Ransomware has exploded back onto the cybercrime scene with a vengeance, and healthcare organizations have been far from immune.
This reality hit home earlier this year when Hollywood Presbyterian Medical Center admitted paying a ransom to get its data back. But other incidents such as the attack on Titus Regional Medical Center in Texas and Lukas Hospital in Germany have underscored just how dire the situation is becoming.
It should come as no surprise to healthcare organizations that they are being targeted. Every hospital, doctor’s office, or medical facility is home to troves of personally-identifiable information. On the cyber-underground, it is not uncommon for hospital “fullz” – personal identity and medical information – to be sold to interested buyers on the dark web. That data needs to be protected, and not just from theft. The flow of patient data to the right people in a timely manner is vital to the healthcare business, making those organizations ideal targets for ransomware attacks.
Right now, there are numerous types of ransomware available for cybercriminals to purchase, and attackers are getting more sophisticated in using them. During February and March of 2016, SecureWorks analysts responded to several ransomware incidents that appear to have been initiated by the same threat group or threat actor. The analysts determined the infections were the result of a threat actor accessing the targeted infrastructure through an under-managed, Java-based enterprise application platform and then deploying ransomware to a number of systems.
This trend of more extensive, enterprise-wide ransomware infections was observed throughout the first quarter of 2016 and had a significant impact on both the healthcare industry and a number of verticals. Instead of only one system being infected, in this style of attack multiple systems within the compromised infrastructure were hit. Given the number of potential endpoints accessing information in a healthcare environment, the challenge facing the industry is far from minor.

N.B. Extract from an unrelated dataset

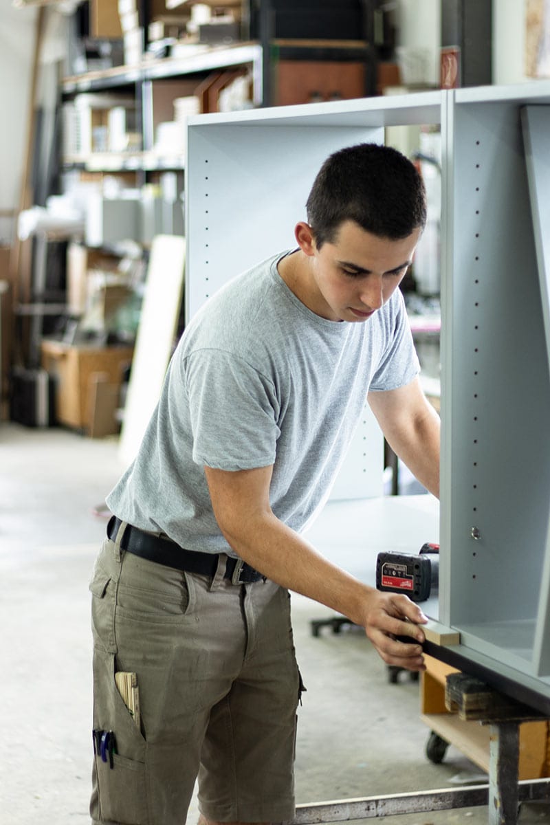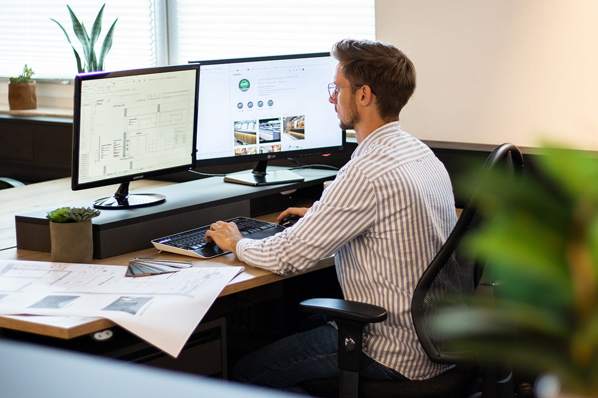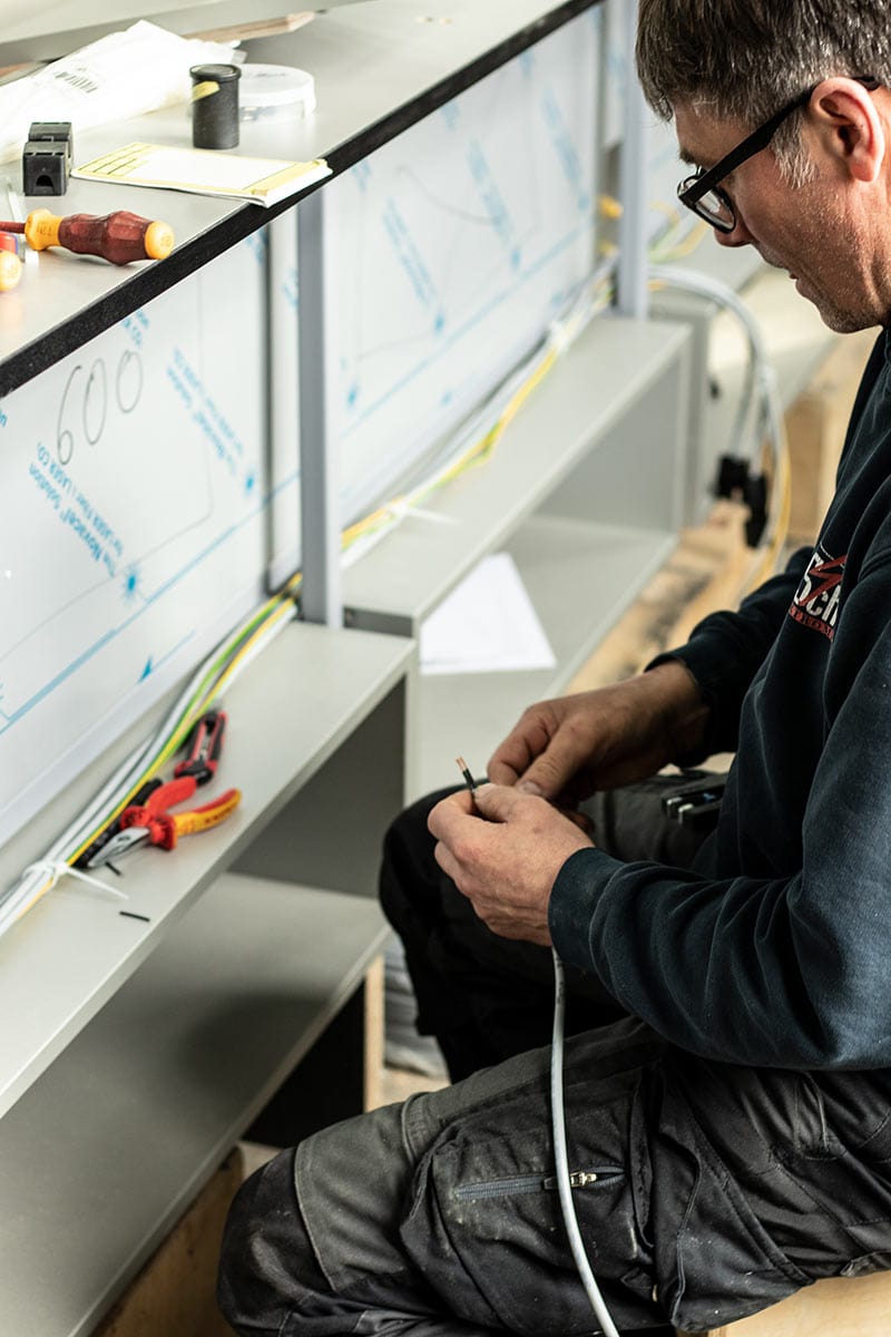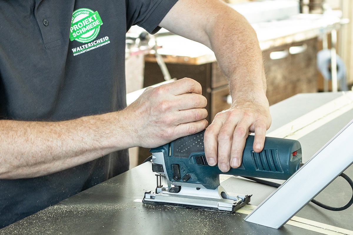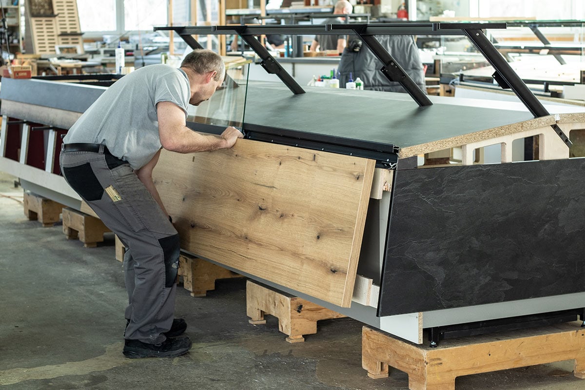 In der Projektschmiede des Unternehmens treffen handwerkliche Präzisionsarbeit und modernste Technik aufeinander. Die einzelnen Einrichtungselemente werden direkt vor Ort in der eigenen Werkstatt gefertigt. So lässt sich unkompliziert und unbürokratisch auf die individuellen Kundenwünsche eingehen. Ein weiterer Vorteil der im „Haus – Produktion“ liegt darin, dass sich die gesamte Auftragsabwicklung einfacher steuern und überwachen lässt. Terminschwierigkeiten können so gar nicht erst entstehen.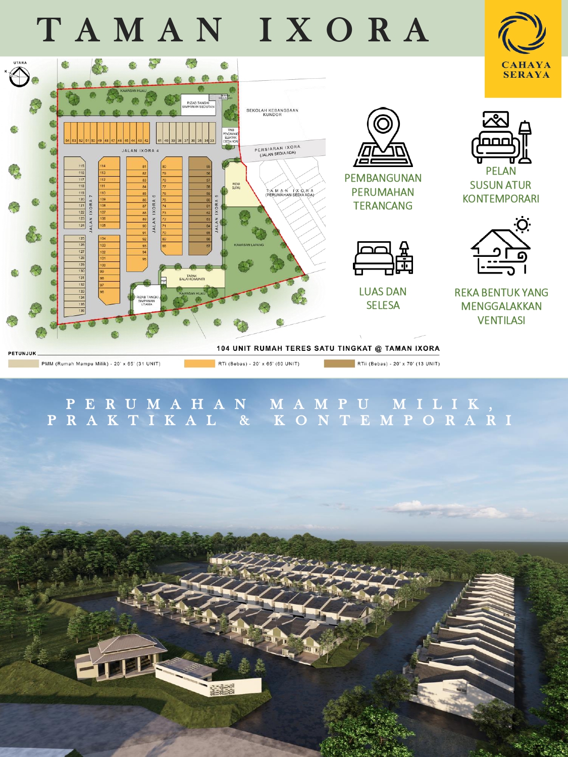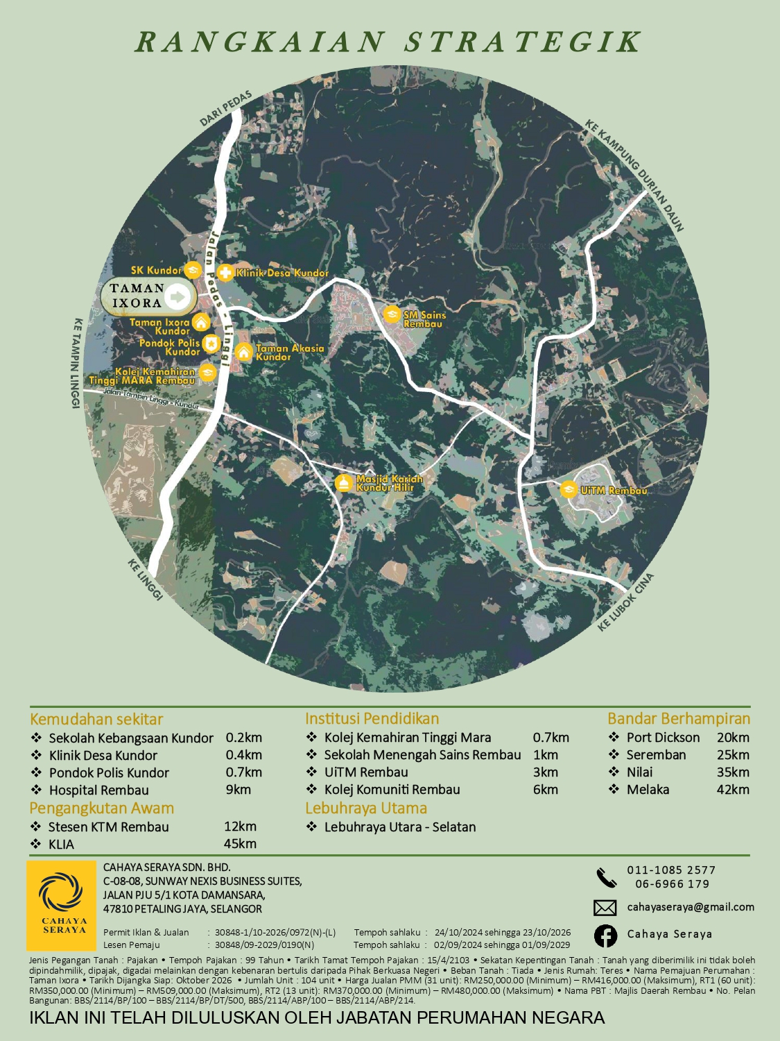 48 UNIT RUMAH TERES SATU TINGKAT (20’ X 65’) UNTUK DIJUAL BERSTATUS RIZAB MELAYU, BERSEBELAHAN DENGAN SEKOLAH KEBANGSAAN KUNDOR, KOLEJ KEMAHIRAN TINGGI MARA, KLINIK DESA KUNDOR DAN PONDOK POLIS KUNDOR, SERTA DILENGKAPI DENGAN 1 UNIT SURAU YANG TERLETAK DI MUKIM KUNDOR, DAERAH REMBAU, NEGERI SEMBILAN, BAGI TETUAN CAHAYA SERAYA SDN. BHD.

Addressing ransomware requires not only having strong antivirus and network security controls in place, but also a strong understanding of the business criticality of all the systems in the environment. Knowing which systems will have a significant impact to operations if they go down is the type of knowledge that can inform where the strongest emphasis should be put for security.
Properly managing the backup and recovery process is also important. The Health Insurance Portability and Accountability Act (HIPAA) mandates that healthcare organization back up information, and dedicated backup software that makes full copies of hard disk drives and saves them externally can be just the cure the doctor ordered in the event of a ransomware attack.
Given the potential business disruption, the growth of these attacks should also serve as a reminder to organizations of the importance of security awareness training. Malicious email attachments are still a vector for attacks, as are malicious webpages laced with exploit kits such as Angler. By staying alert, employees can serve as another line of defense to keep ransomware from endangering the data, reputations, and - most importantly – patients of healthcare organizations.